→ **EXERCISE GOAL**:
Could you set down the listing below exactly and omit its images?

→ **MATERIAL PROVIDED**:
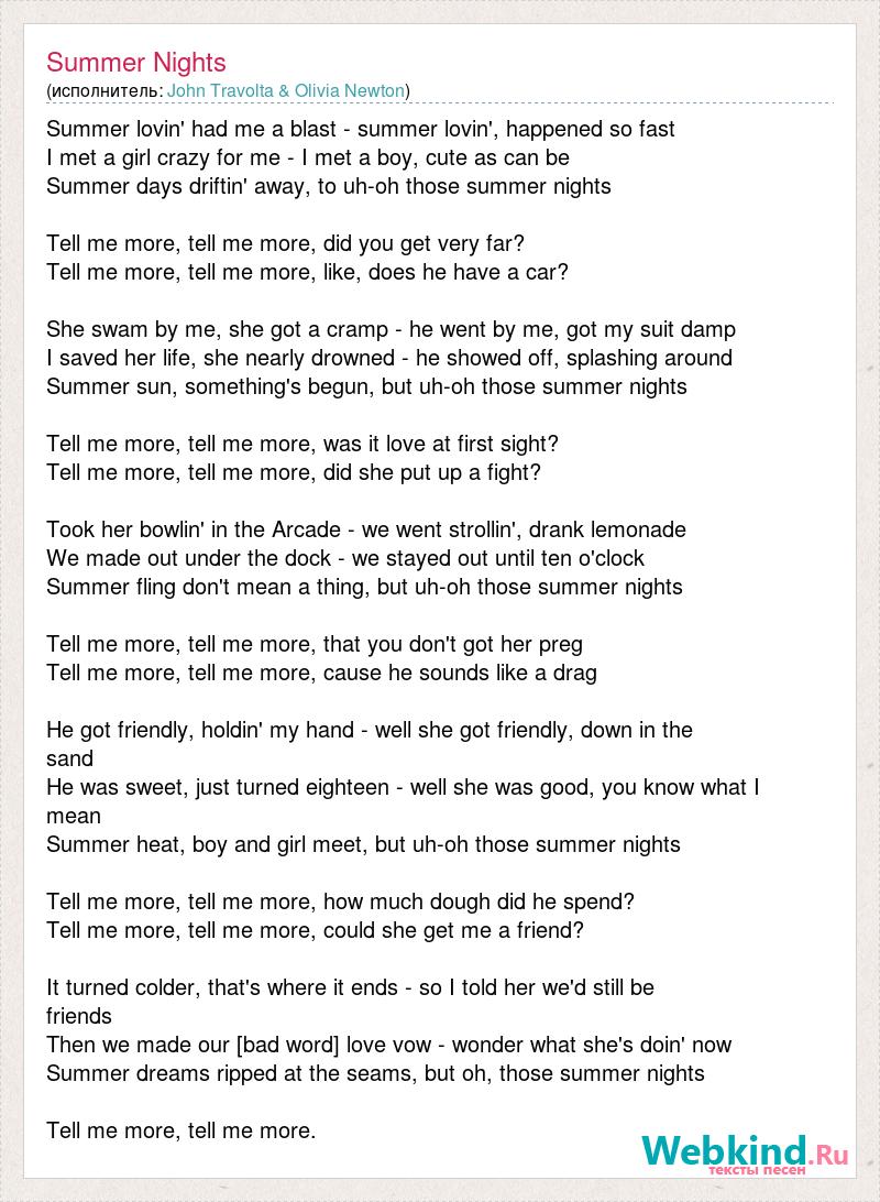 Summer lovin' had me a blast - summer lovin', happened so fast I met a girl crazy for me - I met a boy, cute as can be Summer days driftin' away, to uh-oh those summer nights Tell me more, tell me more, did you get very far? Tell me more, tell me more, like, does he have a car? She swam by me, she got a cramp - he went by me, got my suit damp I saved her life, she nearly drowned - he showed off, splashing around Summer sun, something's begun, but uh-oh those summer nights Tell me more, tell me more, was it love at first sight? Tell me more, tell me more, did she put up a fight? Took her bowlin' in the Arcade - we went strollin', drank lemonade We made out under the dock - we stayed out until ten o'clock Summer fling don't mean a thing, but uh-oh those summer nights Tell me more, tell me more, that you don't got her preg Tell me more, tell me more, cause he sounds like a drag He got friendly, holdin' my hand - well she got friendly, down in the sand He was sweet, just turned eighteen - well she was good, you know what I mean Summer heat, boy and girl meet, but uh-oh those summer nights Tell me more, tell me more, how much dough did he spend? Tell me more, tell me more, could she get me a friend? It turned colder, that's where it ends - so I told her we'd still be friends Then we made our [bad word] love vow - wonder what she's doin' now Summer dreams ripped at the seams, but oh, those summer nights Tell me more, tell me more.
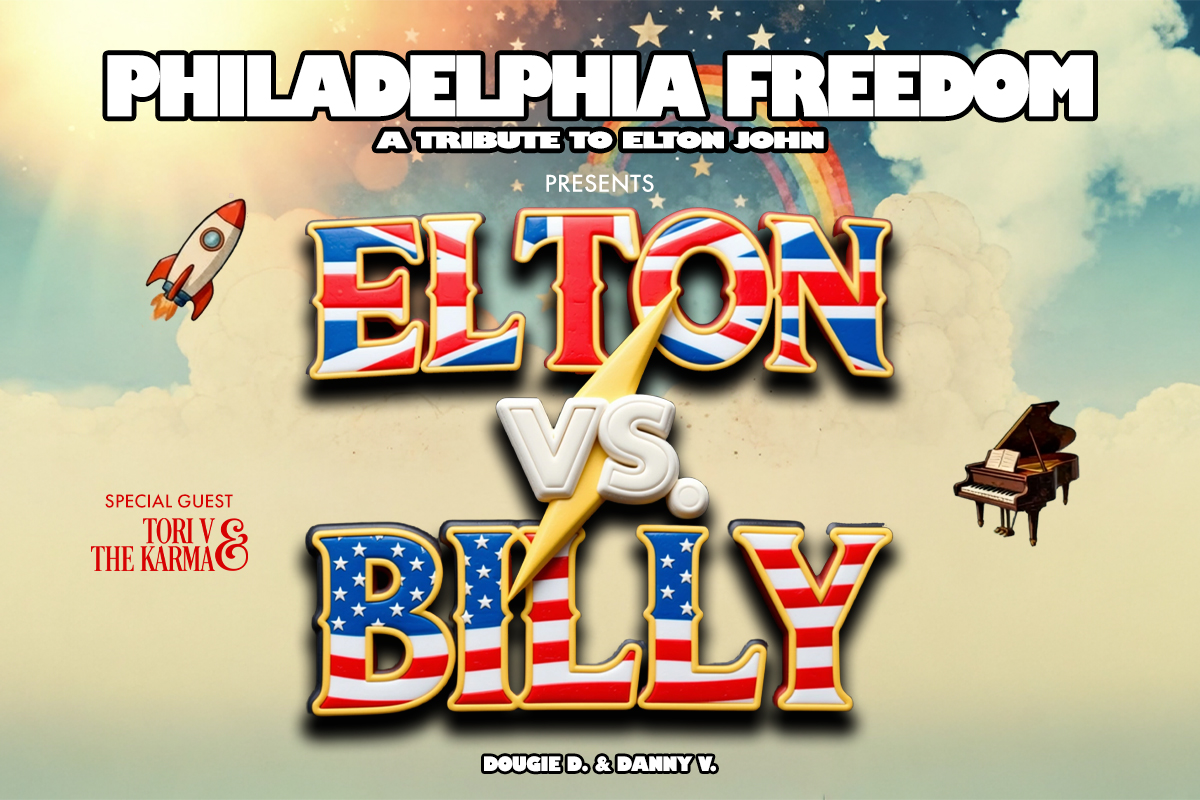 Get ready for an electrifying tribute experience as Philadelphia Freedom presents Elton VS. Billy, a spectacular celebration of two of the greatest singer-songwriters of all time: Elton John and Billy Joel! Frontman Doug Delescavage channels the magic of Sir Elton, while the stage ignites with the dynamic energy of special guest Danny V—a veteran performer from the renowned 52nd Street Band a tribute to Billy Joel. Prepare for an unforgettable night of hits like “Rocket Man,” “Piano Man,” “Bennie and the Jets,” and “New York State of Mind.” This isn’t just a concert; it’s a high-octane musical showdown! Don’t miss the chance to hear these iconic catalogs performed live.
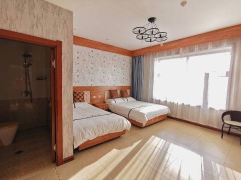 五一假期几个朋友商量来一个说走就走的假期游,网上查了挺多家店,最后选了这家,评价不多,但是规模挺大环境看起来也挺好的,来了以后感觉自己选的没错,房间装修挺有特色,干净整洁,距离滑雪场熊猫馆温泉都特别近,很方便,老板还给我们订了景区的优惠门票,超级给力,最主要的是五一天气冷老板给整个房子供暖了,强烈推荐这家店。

→ **RESULT FOR THIS TASK**:
 Summer lovin' had me a blast - summer lovin', happened so fast I met a girl crazy for me - I met a boy, cute as can be Summer days driftin' away, to uh-oh those summer nights Tell me more, tell me more, did you get very far? Tell me more, tell me more, like, does he have a car? She swam by me, she got a cramp - he went by me, got my suit damp I saved her life, she nearly drowned - he showed off, splashing around Summer sun, something's begun, but uh-oh those summer nights Tell me more, tell me more, was it love at first sight? Tell me more, tell me more, did she put up a fight? Took her bowlin' in the Arcade - we went strollin', drank lemonade We made out under the dock - we stayed out until ten o'clock Summer fling don't mean a thing, but uh-oh those summer nights Tell me more, tell me more, that you don't got her preg Tell me more, tell me more, cause he sounds like a drag He got friendly, holdin' my hand - well she got friendly, down in the sand He was sweet, just turned eighteen - well she was good, you know what I mean Summer heat, boy and girl meet, but uh-oh those summer nights Tell me more, tell me more, how much dough did he spend? Tell me more, tell me more, could she get me a friend? It turned colder, that's where it ends - so I told her we'd still be friends Then we made our [bad word] love vow - wonder what she's doin' now Summer dreams ripped at the seams, but oh, those summer nights Tell me more, tell me more.
 Get ready for an electrifying tribute experience as Philadelphia Freedom presents Elton VS. Billy, a spectacular celebration of two of the greatest singer-songwriters of all time: Elton John and Billy Joel! Frontman Doug Delescavage channels the magic of Sir Elton, while the stage ignites with the dynamic energy of special guest Danny V—a veteran performer from the renowned 52nd Street Band a tribute to Billy Joel. Prepare for an unforgettable night of hits like “Rocket Man,” “Piano Man,” “Bennie and the Jets,” and “New York State of Mind.” This isn’t just a concert; it’s a high-octane musical showdown! Don’t miss the chance to hear these iconic catalogs performed live.
 五一假期几个朋友商量来一个说走就走的假期游,网上查了挺多家店,最后选了这家,评价不多,但是规模挺大环境看起来也挺好的,来了以后感觉自己选的没错,房间装修挺有特色,干净整洁,距离滑雪场熊猫馆温泉都特别近,很方便,老板还给我们订了景区的优惠门票,超级给力,最主要的是五一天气冷老板给整个房子供暖了,强烈推荐这家店。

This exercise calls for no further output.